Saturday, August 8, 2009

week 3 day 7 Loving myself as I am

I've been walking a lot this last week and all of the sweat and laundry that I did was so worth it because I lost 6.6 pounds, that's right, I'll say it again, almost 7 pounds during week 3, which is amazing for me. I've lost 16.2 pounds in less than 3 weeks and I'm eating right and exercising, no special tricks or secrets. I don't think I've ever lost that much weight in week 3 even when I had a trainer working me out 5 days a week.
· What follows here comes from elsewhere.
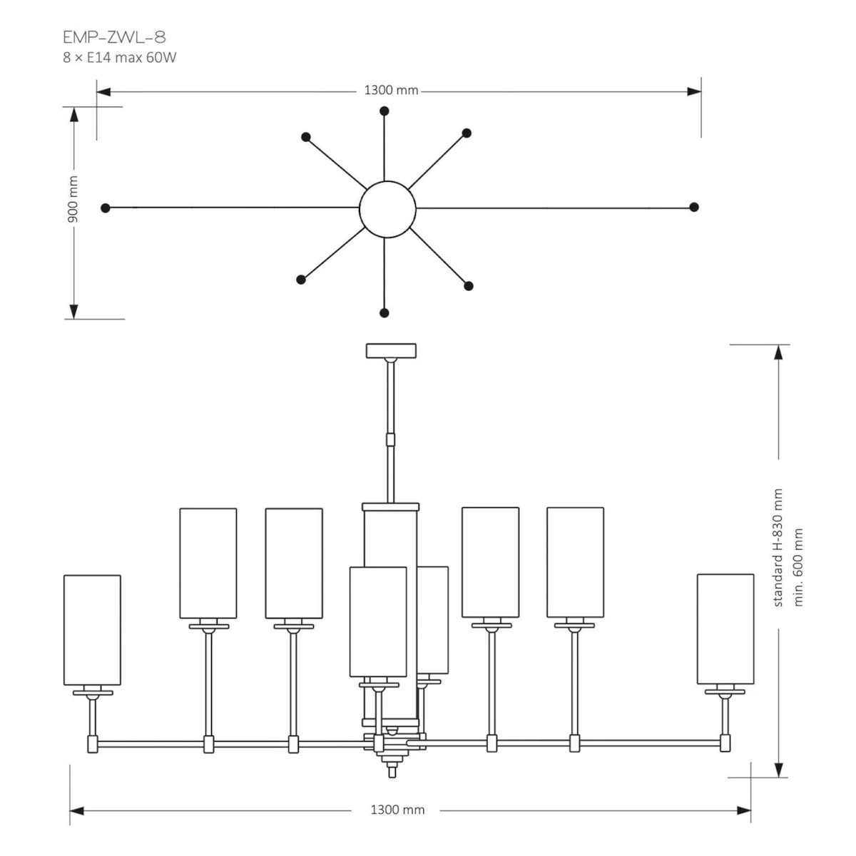 Lampa posiada miejsce na 8 energooszczędnych źródeł światła LED E14 oraz została wyposażona w stopień ochrony szczelności IP20. Jeśli nie wiesz jaki rodzaj oświetlenia wybrać do oświetlenia przestrzeni wypoczynkowych lub biurowych to oprawa z serii Empoli z pewnością się w nich sprawdzi.

So now I need to get past the celebrating and getting to the real reason that I decided to post something tonight. In the past, I've been really good about pretending that everything is great in my life but on the inside I'm so sad, miserable, and upset. Over the past 4 years, I've been a shrinking violet and I don't like that, my personality is bubbly and loving and fun, but I've missed her and I want her back. The part that comes with losing weight is the emotional baggage that has to come off as the pounds come off or else I'll end up in the same place again and that is just not going to happen.

I don't want to be numb from life anymore. I want to live my life now, not wait until I reach some weight loss goal before I allow myself to have fun. when I look at it that way, that's punishment, and it means that I don't think I deserve anything better right now. I've got to change that way of thinking and I think the way to do that is to just go all out. I have to set some goals over the next few days or weeks so that I can make sure I get myself out of the house and stop living my life in isolation. I deserve to be happy now, waiting to reach some type of milestone is obsurd and I won't entertain that.

2 comments:

  1. First, congrats on your loss and second, AMEN to what you said about enjoying your life. I feel the same way.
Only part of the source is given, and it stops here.